*** Block opens ***

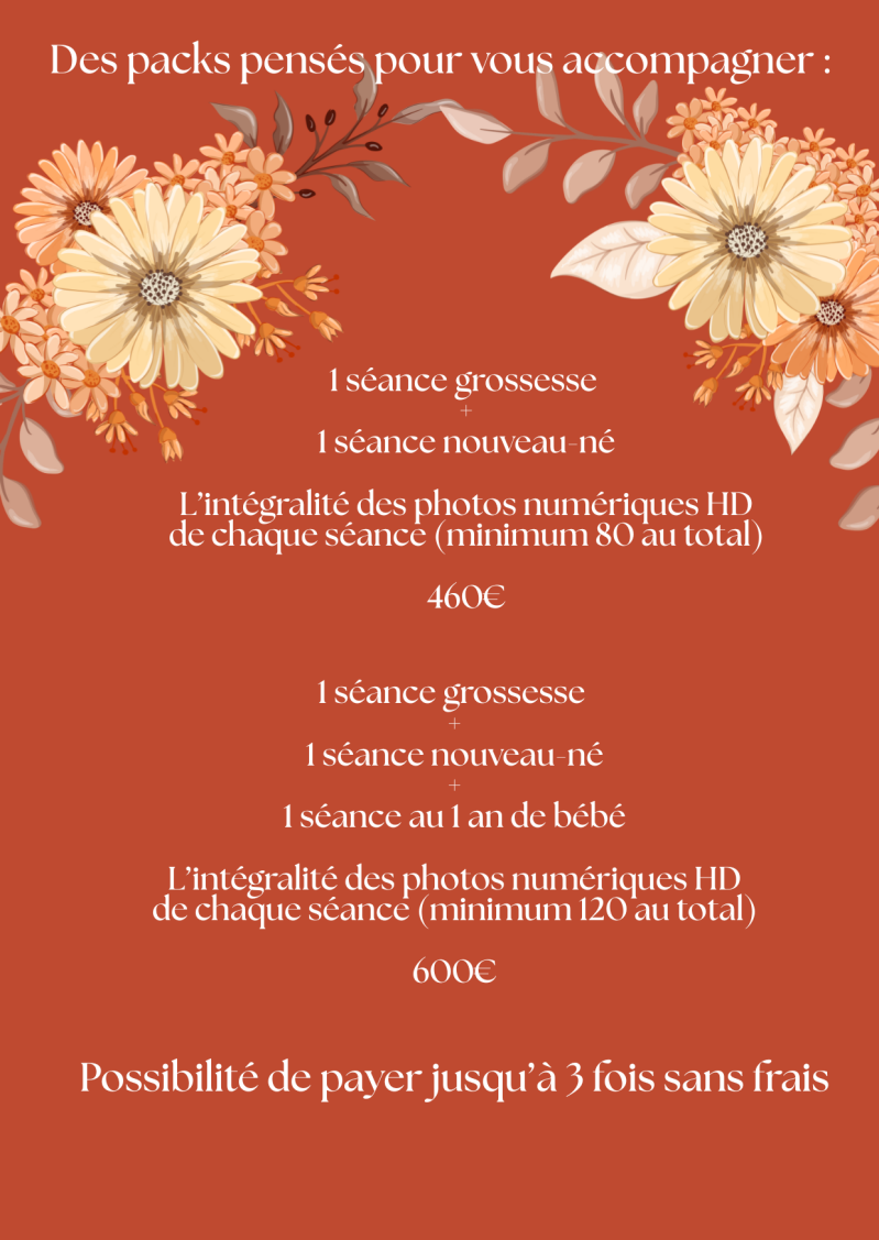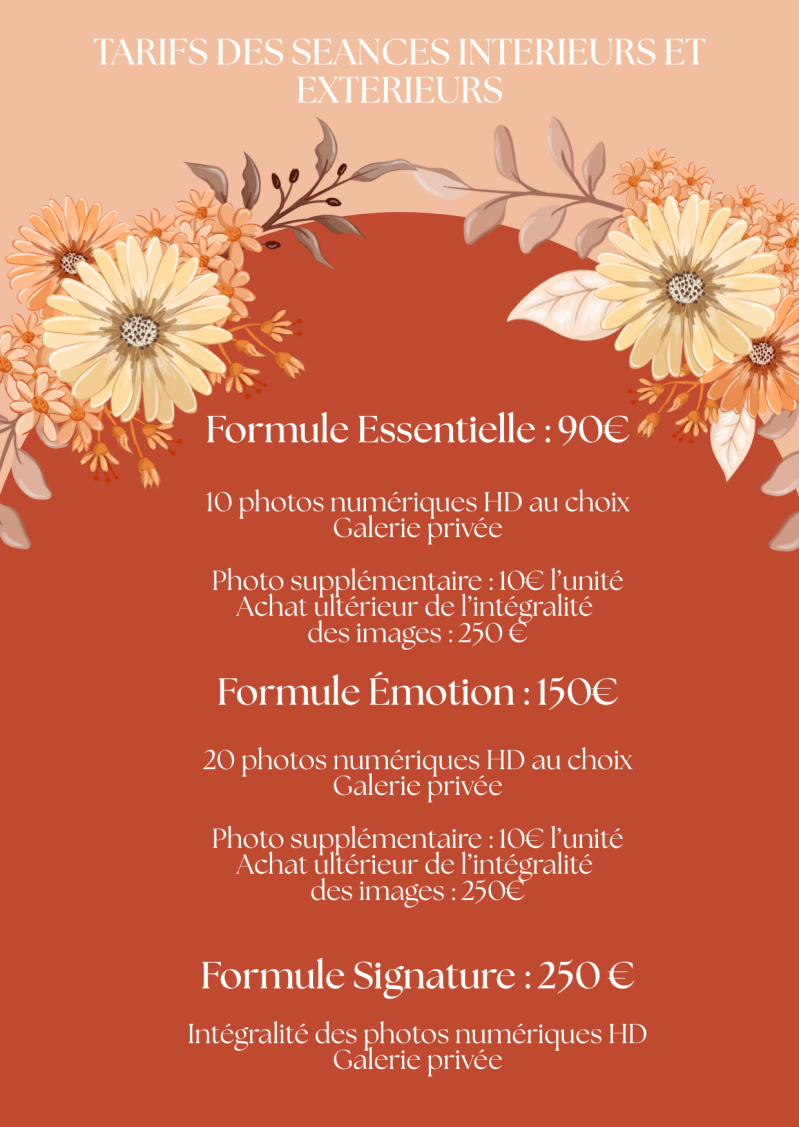 | SĂ©ances Ă domicile â style lifestyle | Pour capturer la beautĂ© de votre quotidien, dans le confort et lâauthenticitĂ© de votre cocon familial. | Pack de 10 photos Ă 90 ⏠(un supplĂ©ment peut ĂȘtre demandĂ© selon le deplacement) |
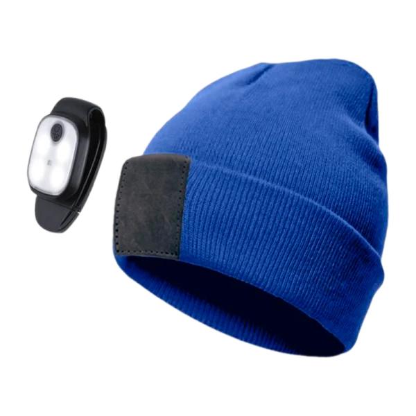 Удобная и модная модель осенне-зимнего сезона — тёплая шапка синего цвета с фонариком. В период холодных вечеров, когда темнеет уже днем, фонарик не понадобится носить отдельно — встроенный фонарик на 120 лм светит до 3 часов без подзарядки.
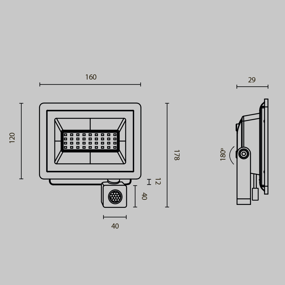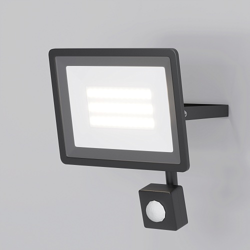 Прожекторы для освещения экстерьеров, рабочих пространств, производственных и промышленных помещений. Материал корпуса — алюминий. Цвет — чёрный. LED-источник света. Два варианта цветовой температуры - 4000К и 6500К. Пять размеров с соответствующими вариантами мощности — 10, 30, 50 Вт с датчиком движения. Модели 100 и 150 Вт без датчиков движения. Высокая степень защиты от пыли и влаги IP65.
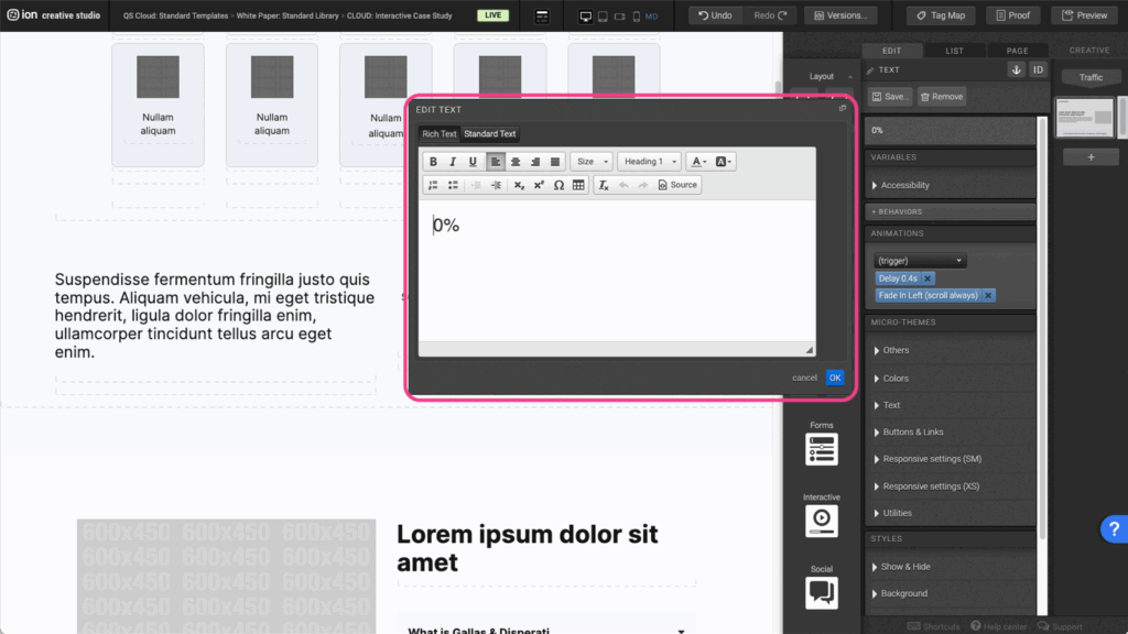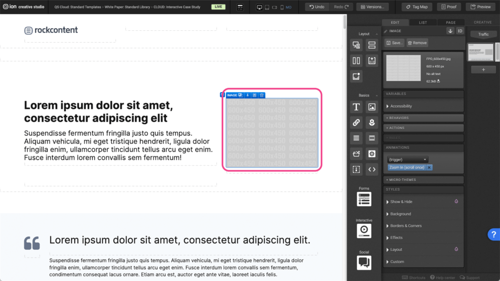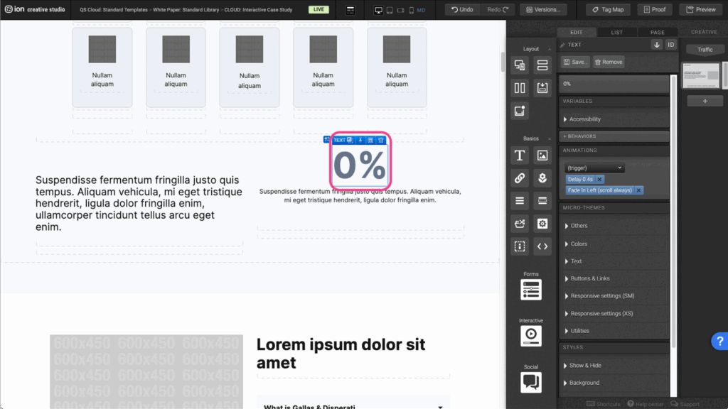 The Interactive Case Study is a low complexity, standard experience. This template is excellent for changing a static piece of content into an engaging interactive experience. With unique animations, reveals and flows, this template presents information in a simple and easily digestible manner. When visitors reach the end of the experience, they are presented with 2 call to action options.
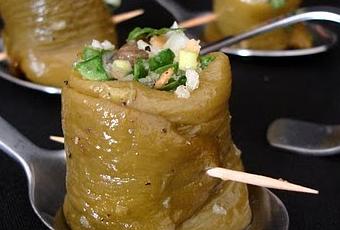 Pour un apéro entre amis, ces paupiettes à base depoivrons, d'ognons et de pousses d"épinards sont faciles
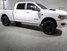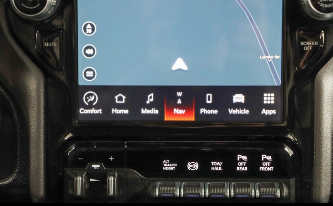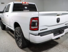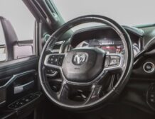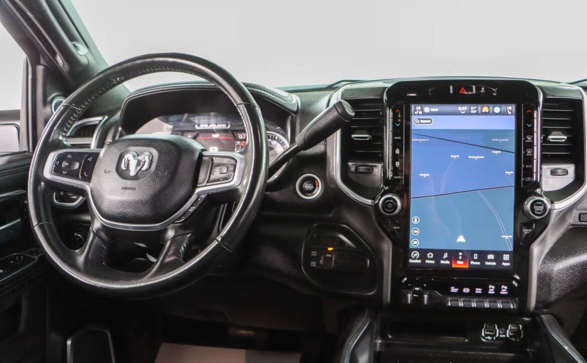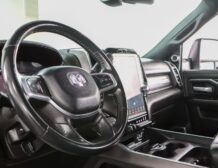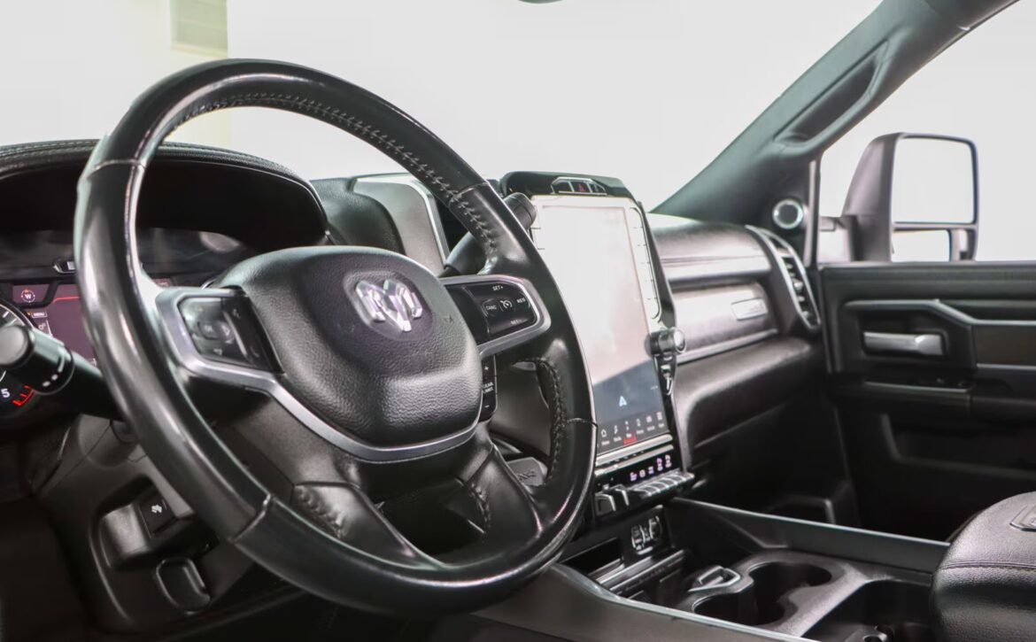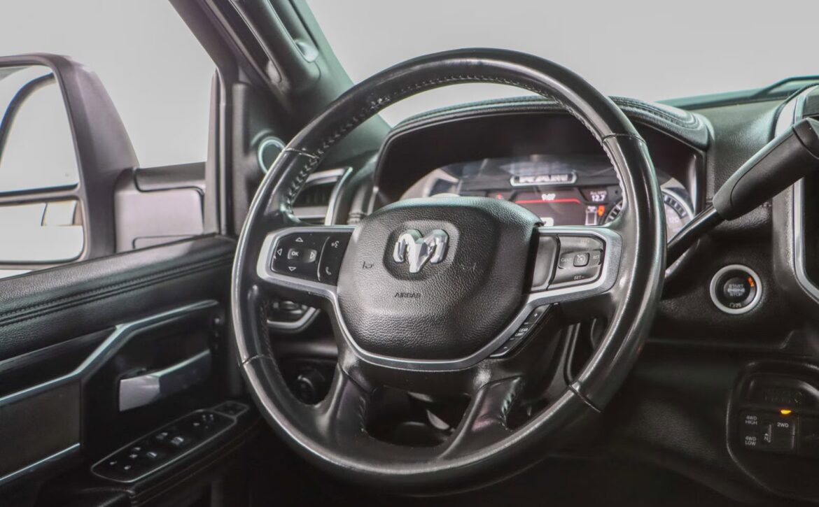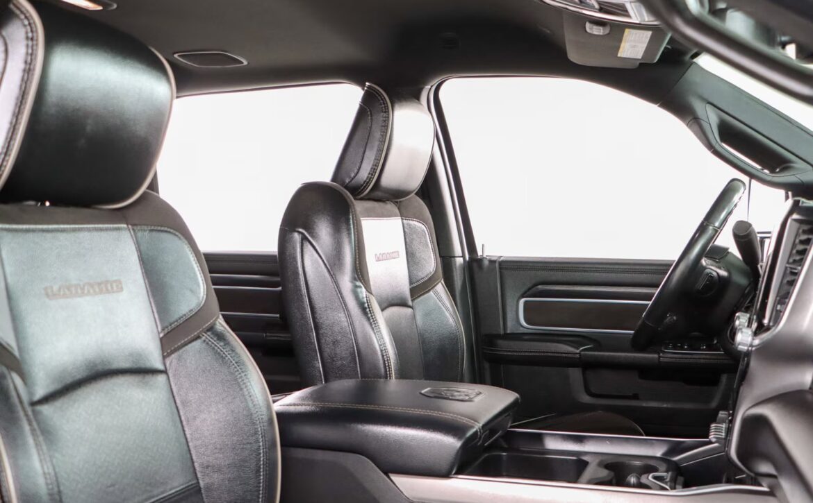 The Laramie trim brings refined touches throughout: leather‑trimmed heated and ventilated front seats, a large Uconnect touchscreen infotainment system, premium audio, dual‑zone climate control, and remote start for added convenience. Advanced towing technologies and multiple camera views simplify trailering, while a reinforced bed with integrated tie‑downs and durable alloy wheels ensure real‑world utility. The 4×4 drivetrain and stout suspension make this truck ready for jobsite duty or off‑road adventures alike.

*** Block closes ***

Exercise instructions: Set down the lines of the records above exactly, apart from the pictures.

Exercise output:
 | SĂ©ances Ă domicile â style lifestyle | Pour capturer la beautĂ© de votre quotidien, dans le confort et lâauthenticitĂ© de votre cocon familial. | Pack de 10 photos Ă 90 ⏠(un supplĂ©ment peut ĂȘtre demandĂ© selon le deplacement) |
 Удобная и модная модель осенне-зимнего сезона — тёплая шапка синего цвета с фонариком. В период холодных вечеров, когда темнеет уже днем, фонарик не понадобится носить отдельно — встроенный фонарик на 120 лм светит до 3 часов без подзарядки.
 Прожекторы для освещения экстерьеров, рабочих пространств, производственных и промышленных помещений. Материал корпуса — алюминий. Цвет — чёрный. LED-источник света. Два варианта цветовой температуры - 4000К и 6500К. Пять размеров с соответствующими вариантами мощности — 10, 30, 50 Вт с датчиком движения. Модели 100 и 150 Вт без датчиков движения. Высокая степень защиты от пыли и влаги IP65.
 The Interactive Case Study is a low complexity, standard experience. This template is excellent for changing a static piece of content into an engaging interactive experience. With unique animations, reveals and flows, this template presents information in a simple and easily digestible manner. When visitors reach the end of the experience, they are presented with 2 call to action options.
 Pour un apéro entre amis, ces paupiettes à base depoivrons, d'ognons et de pousses d"épinards sont faciles
 The Laramie trim brings refined touches throughout: leather‑trimmed heated and ventilated front seats, a large Uconnect touchscreen infotainment system, premium audio, dual‑zone climate control, and remote start for added convenience. Advanced towing technologies and multiple camera views simplify trailering, while a reinforced bed with integrated tie‑downs and durable alloy wheels ensure real‑world utility. The 4×4 drivetrain and stout suspension make this truck ready for jobsite duty or off‑road adventures alike.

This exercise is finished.